We have a new employee who is gay and she is kind of flirty with the female employees, but no more than a straight guy would be to any girl. Recently we talked about it and another girl brought up how uncomfortable it made her feel. How it was disgusting for her to do that.
The conversations always take a sexual turn. As though everything the gay employee does is gay, and sexually charged. She can’t even come up and say hello without them thinking she wants to do explicit things to the girl. It was really frustrating to listen to them talk about it, in low whispers, like it was a crime to be flirty.
I want to scream, “WHY? Why does everything she does make you think she wants to sleep with you?”
Most of the time she just comes up to us to talk. To say a few words and chat before she has to go back and stand by herself by the door. How they get all of the other stuff out of that is beyond me.
Why do they automatically jump to the conclusion that every gay person just wants to have sex with everything that walks?
They make jokes that are disgusting and really stereotypical. Lumping everyone into the same group. Gay to them means sex.
Hello people, just because someone is gay, doesn’t mean they automatically start hitting on you if you are the same sex. They may not even find you attractive.
I could explain to them what it really means. That it’s just attraction. It just means that I am attracted to the same sex. That some of us are actually just like you.
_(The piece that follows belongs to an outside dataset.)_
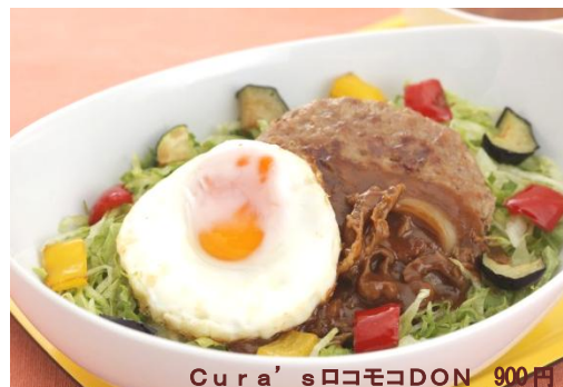
Cura's ロコモコDON 900円

Heck, if I told them I was gay they might laugh and think I was joking. They have heard me talk about my faith. They think because I am a Christian I would never be gay.
One guy was talking about how many gay employees there were in the store and he said, “One in five people are gay you know.”
Then he said, “I’m not, you’re not and I know you’re not (pointing at me).”
If my face wasn’t red in that moment, I don’t know how. I didn’t say a word. I just stood there and he kept on his little game of guessing who was gay and who wasn’t.